Os empresários, conforme o texto, poderão adquirir vacinas que ainda não tiveram aval da Agência de Vigilância Sanitária (Anvisa), desde que autorizadas por agências reconhecidas pela Organização Mundial de Saúde (OMS). A aquisição pode ser feita pelas empresas ou por meio de consórcio.

Além disso, o texto garante que trabalhadores prestadores de serviço também sejam beneficiados com a vacinação – estagiários, autônomos e empregados de empresas de trabalho temporário ou de terceirizadas também estão inclusos. A vacinação deve seguir os critérios de prioridade estabelecidos no Programa Nacional de Imunizações (PNI).

As vacinas deverão ser aplicadas em estabelecimento de saúde com sala para aplicação autorizada pela vigilância sanitária local. Caso descumpra as exigências, a empresa estará sujeita ao pagamento de multa equivalente a dez vezes o valor gasto para comprar vacinas, além de sanções administrativas e penais.

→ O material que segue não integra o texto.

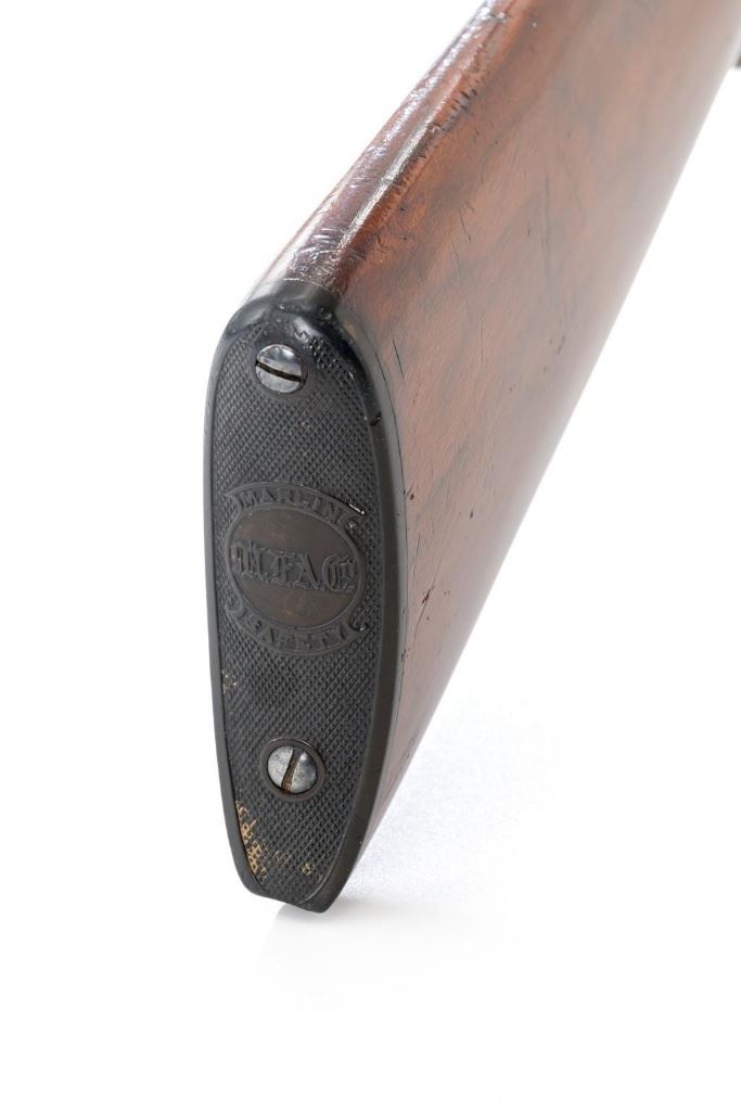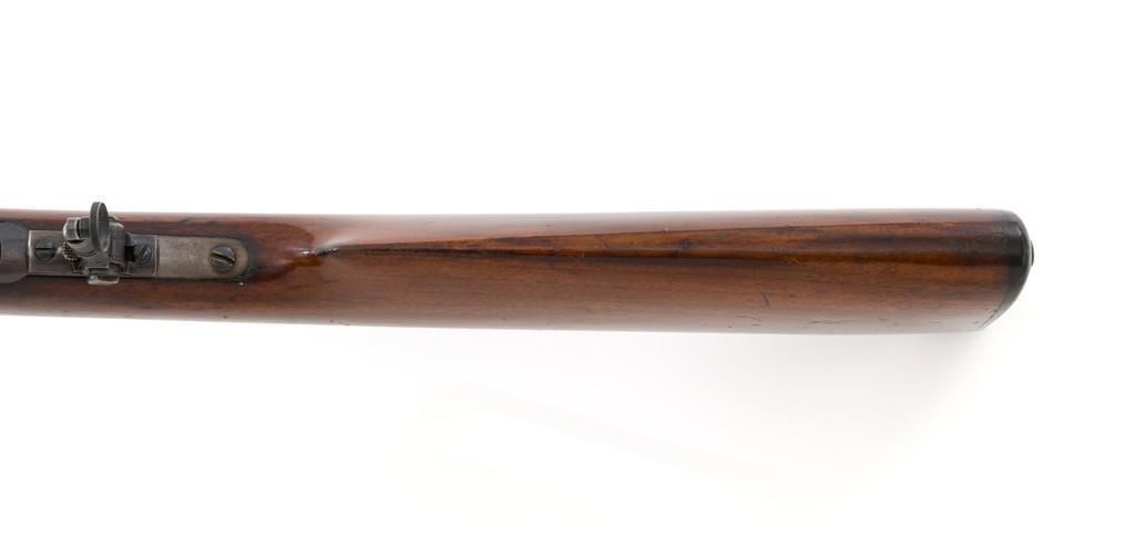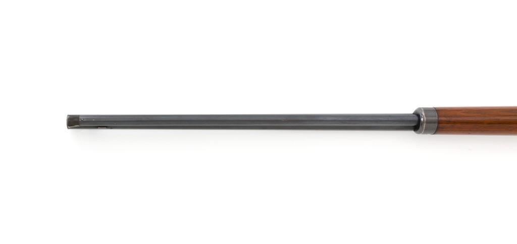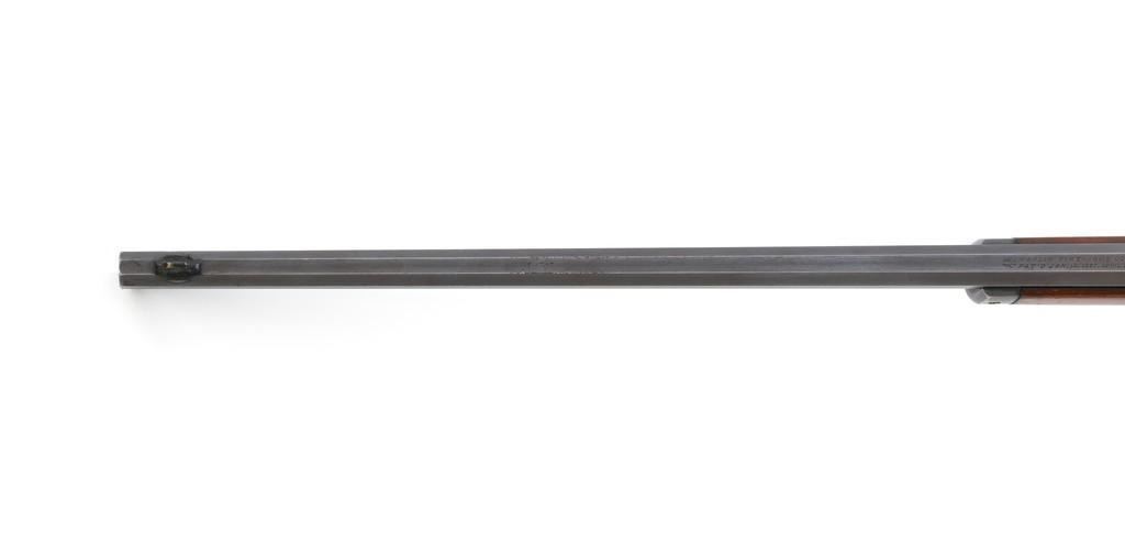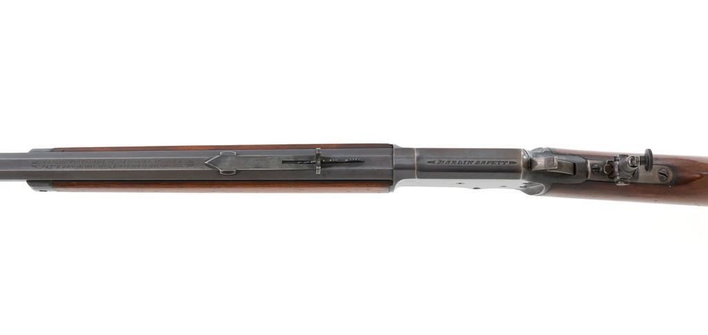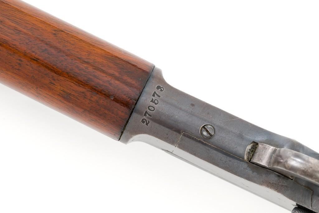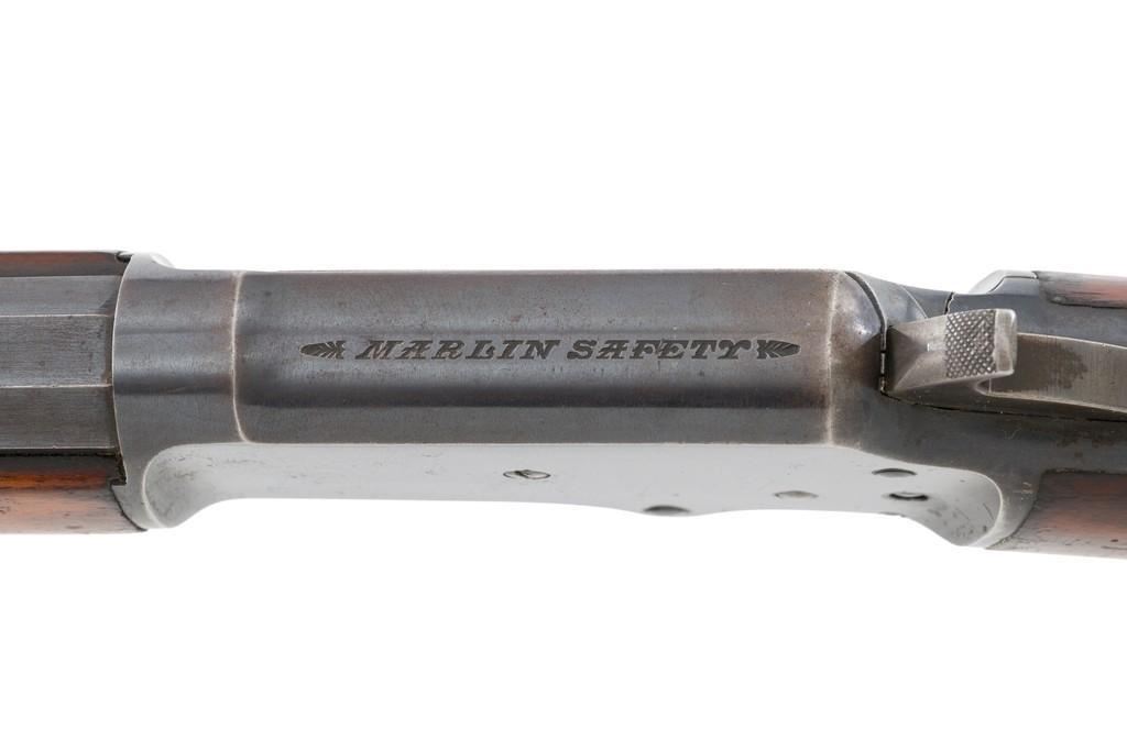 Marlin Model 1892 Lever Action Takedown Rifle, #270573, .22 cal., 24'' octagon barrel, blued with case hardened lever and hammer, straight grip walnut stock and forend, checkered hard rubber Marlin buttplate, dovetailed beaded blade front sight, semi-buckhorn elevator rear sight, and M.S.A. Co. adjustable folding peep sight located at the upper tang. Mfg'd circa 1903. Rifle is in fine condition, displaying approx. 90% blue, showing toning to the barrel, light frosting, and scratches to sides of the receiver. Case colors on the hammer have toned darker; lever is mottled and muted. Factory markings are sharp. Wood retains most of its finish, with small dents and scratches scattered throughout. Action is crisp and functions smoothly. Bore is very good with defined rifling. Right edge of the muzzle face with a moderate impression. Est.: $800-$1,200. (C&R/PPT)

O texto prevê também que, se a empresa quiser fechar negócio com laboratório que tenha contratos com o Ministério da Saúde, o acordo só poderá ser firmado após a pasta receber todas as doses que contratou. Se o texto for aprovado também pelo Senado, sem mudanças, e sancionado, a permissão será mais flexível do que a prevista atualmente por lei.